++++ Data block

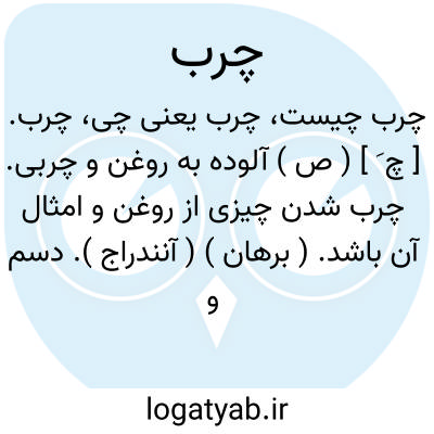 چرب. [ چ َ ] ( ص ) آلوده به روغن و چربی. چرب شدن چیزی از روغن و امثال آن باشد. ( برهان ) ( آنندراج ). دسم و روغنی و لزج و باچسب و صاف. ( ناظم الاطباء ). روغنین. روغن دار. مقابل خشک، که بمعنی کم روغن و روغن ندیده باشد. باروغن.پرروغن: طعام چرب. خورش چرب. غذای چرب:
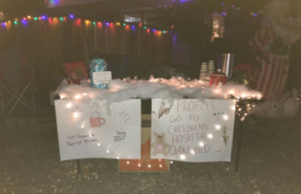 Lexi and I are on the U13 elite and premier teams. We decided to raise money to buy toys for the patients at Children's Hospital Oakland by selling hot chocolate at a Christmas light show in Livermore. It was cold and rainy, so not many people stopped by our stand. We decided to walk around and sell the hot chocolate to people standing in line. Our strategy was a success and we sold out within 2 hours.
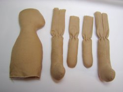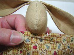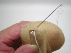 ボディに綿詰めをして片方の身頃に足を縫いつけます。この時は左の写真のようにボディの縫い代の部分2〜3mmのところをぐし縫いしてつけていきます。

++++++++

- **What the task asks**: Omit the pictures, then copy out all the data exactly as it stands.

- **Exercise answer**:
 چرب. [ چ َ ] ( ص ) آلوده به روغن و چربی. چرب شدن چیزی از روغن و امثال آن باشد. ( برهان ) ( آنندراج ). دسم و روغنی و لزج و باچسب و صاف. ( ناظم الاطباء ). روغنین. روغن دار. مقابل خشک، که بمعنی کم روغن و روغن ندیده باشد. باروغن.پرروغن: طعام چرب. خورش چرب. غذای چرب:
 Lexi and I are on the U13 elite and premier teams. We decided to raise money to buy toys for the patients at Children's Hospital Oakland by selling hot chocolate at a Christmas light show in Livermore. It was cold and rainy, so not many people stopped by our stand. We decided to walk around and sell the hot chocolate to people standing in line. Our strategy was a success and we sold out within 2 hours.
 ボディに綿詰めをして片方の身頃に足を縫いつけます。この時は左の写真のようにボディの縫い代の部分2〜3mmのところをぐし縫いしてつけていきます。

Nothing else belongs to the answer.